*Exercise description:* Below are some records. Write out exactly their lines from the one with "Astfel, 1 litru" through the one with "As there is", and leave the pictures behind.

*Data for this exercise:*
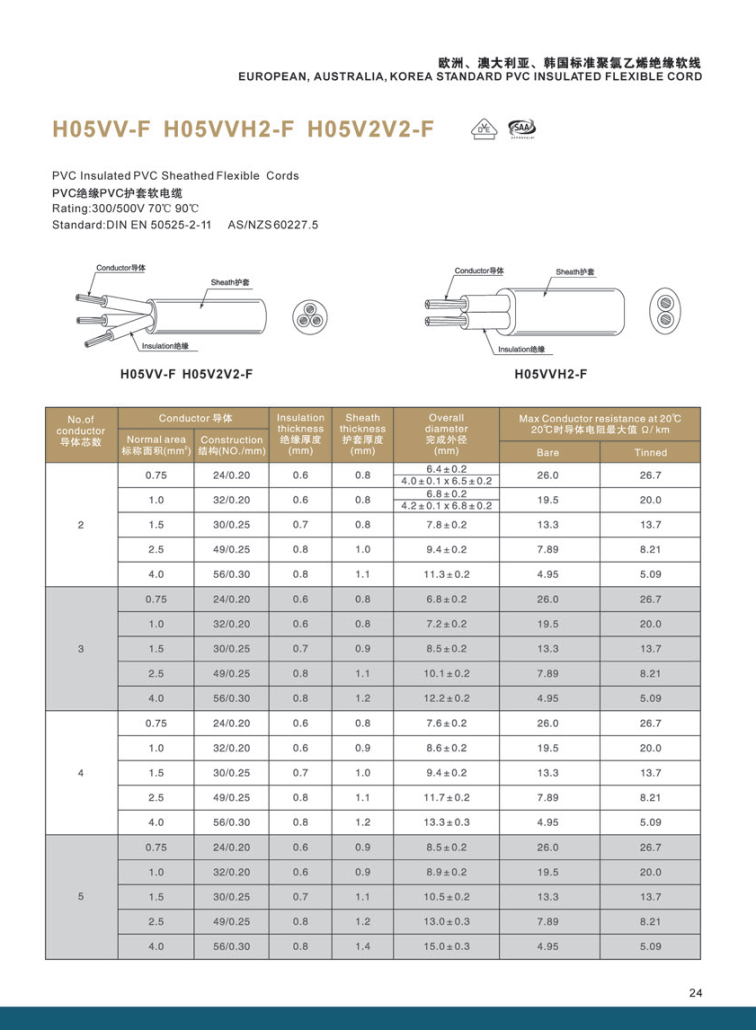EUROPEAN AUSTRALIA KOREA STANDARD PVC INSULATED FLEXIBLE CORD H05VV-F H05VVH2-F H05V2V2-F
...
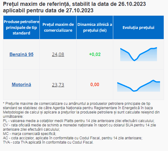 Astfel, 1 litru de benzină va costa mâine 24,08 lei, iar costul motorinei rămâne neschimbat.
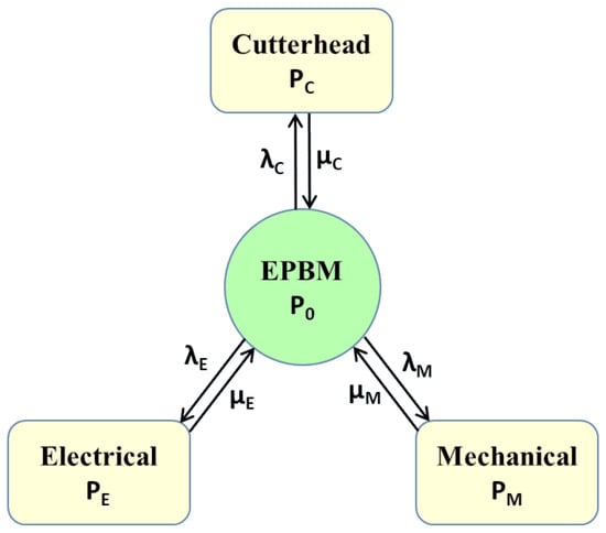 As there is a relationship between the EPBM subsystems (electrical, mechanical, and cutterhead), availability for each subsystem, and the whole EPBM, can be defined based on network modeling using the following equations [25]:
* * *
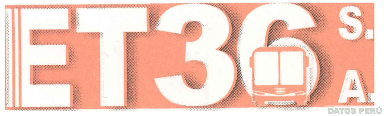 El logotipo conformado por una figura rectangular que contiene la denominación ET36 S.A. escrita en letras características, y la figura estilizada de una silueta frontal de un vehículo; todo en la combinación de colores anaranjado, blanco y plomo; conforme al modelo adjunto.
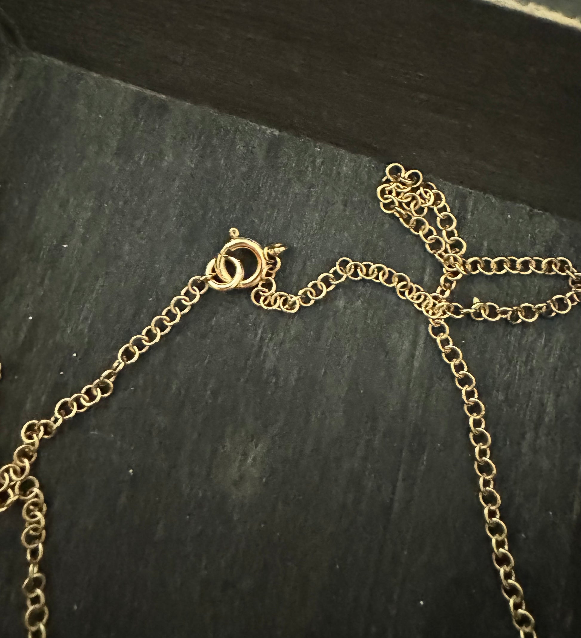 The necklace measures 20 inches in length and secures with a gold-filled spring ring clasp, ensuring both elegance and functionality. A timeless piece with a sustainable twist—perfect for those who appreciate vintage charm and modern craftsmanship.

*Answer area:*
 Astfel, 1 litru de benzină va costa mâine 24,08 lei, iar costul motorinei rămâne neschimbat.
 As there is a relationship between the EPBM subsystems (electrical, mechanical, and cutterhead), availability for each subsystem, and the whole EPBM, can be defined based on network modeling using the following equations [25]:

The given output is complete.